Lei et al. (2013, Phy. Earth Planet. Inter.) 

  Lei (2012) collected a large number of high-quality arrival-time data recorded at provincial seismic networks in the North China Craton and manually picked from original seismograms (Zheng et al., 2009, 2010) of teleseismic events. His tomographic model shows an obviously Y-shaped low-V anomaly under the Datong volcano and Bohai Sea, and this low-V anomaly extends down to the lower mantle (Figs. 11 and 12)(Lei et al., 2013; Phy. Earth Planet. Inter.), suggesting that the Datong volcano might originate from the lower mantle. It is also found that the high-V anomalies representing the stagnant Pacific slab in the mantle transition zone show a clear gap (Fig. 11g and h), which may correspond to the upwelling of the hot material from the lower mantle (Lei et al., 2013). 

 

       研究成果已发表在国际地球化学权威期刊Chemical geology上,文献信息如下:

       Qian Sheng-Ping,Ren Zhong-Yuan*, Zhang Le, Hong Lu-Bing, Liu Jian-Qiang,2015. Chemical and Pb isotope composition of olivine-hosted melt inclusions from the Hannuoba basalts, North China Craton: Implications for petrogenesis and mantle source.
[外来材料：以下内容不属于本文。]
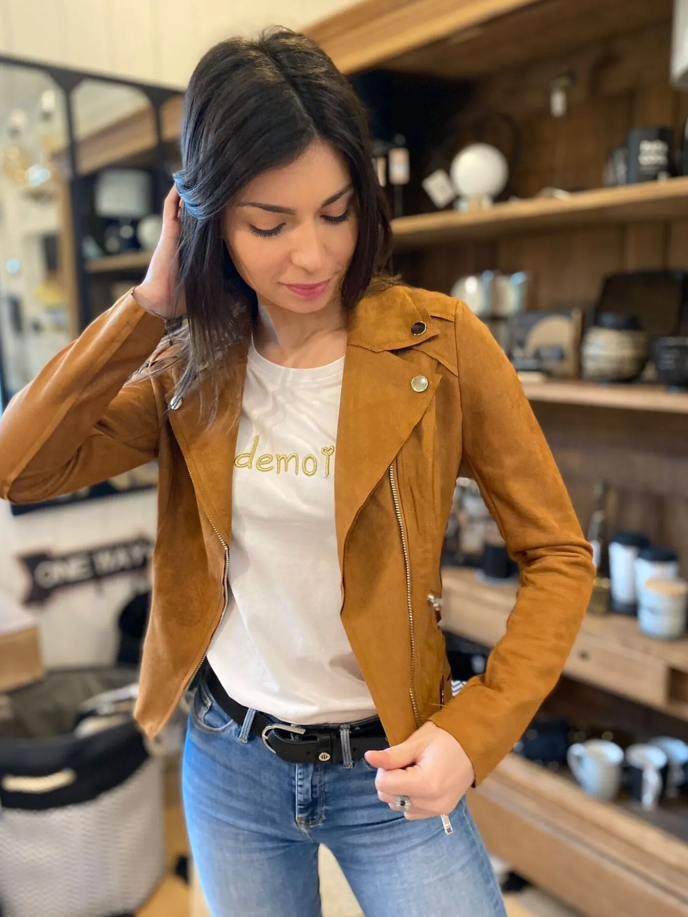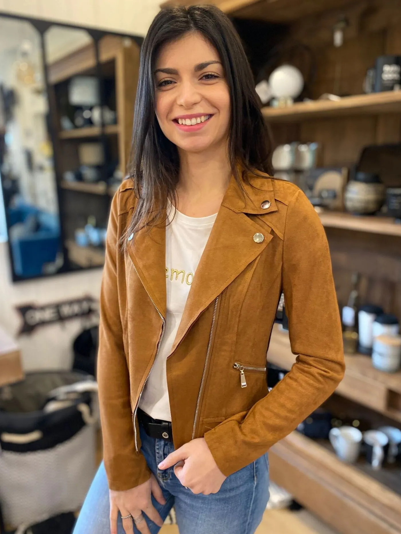 PERFECTO EN DAIM Justine mesure 1m69 et Maëlys mesure 1m68. Elles portent la taille S pour ce modèle. Nous vous reco…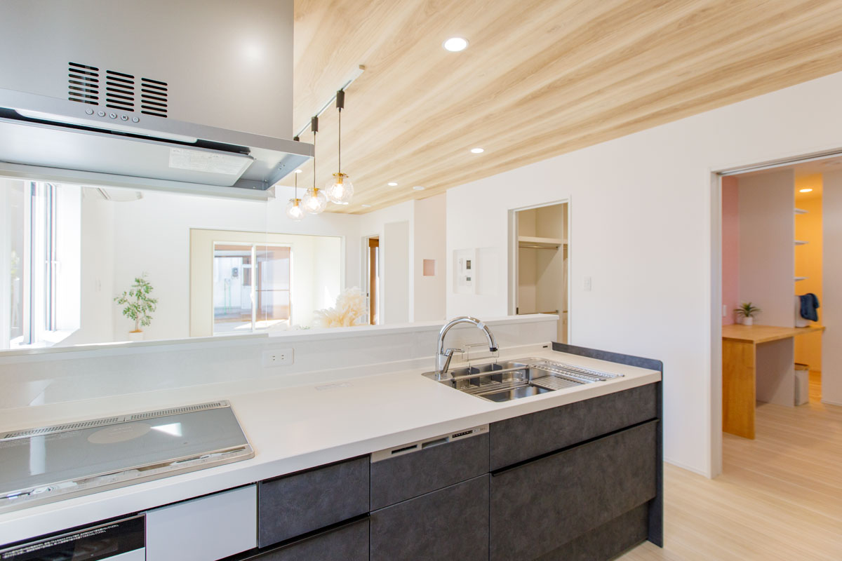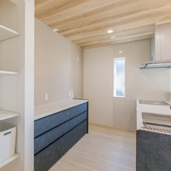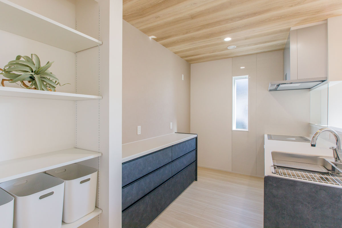 大容量のランドリールームは、キッチンの真横に配置することで家事の同時進行が数歩で叶います。

Chemical geology 401, 111-125)。 

  链接:http://www.sciencedirect.com/science/article/pii/S0009254115000662     

  Abstract 

  Melt inclusions and their host olivine provide unique information about the nature, distribution and scale of mantle source heterogeneity. We present the first analyses of the chemical and Pb isotope compositions of melt inclusions and their host olivine from the Cenozoic Hannuoba basalts, North China Craton, which contains coexisting suites of alkali and tholeiitic basalts. There is limited variation in major and trace element composition, but significant Pb isotopic variation, in the tholeiitic samples. This contrasts with the substantial variation in major and trace elements, but limited Pb isotopic variation, in the alkali basalt samples. Based on the results of the major- and trace-element modeling, the compositional variation of the alkali basalts may be primarily attributed to garnet pyroxenite melting, with only a small input from garnet peridotite melts. The garnet–pyroxenite component involved in the genesis of the alkali basalts, of metasomatic origin, may have formed in the lithosphere. The wide range of isotopic composition of the tholeiitic basalts and remarkably limited variability of major and trace element composition is argued to be characteristic of the source region, which is a mixture of peridotite with small amounts of pyroxenite transformed from recycled ancient oceanic crust and sediment. The presence of recycled oceanic crust in the mantle source and the low–velocity anomaly observed beneath the Taihang Mountains, located 50 km to the southeast of the Hannuoba region, supports a plume model for their origin.   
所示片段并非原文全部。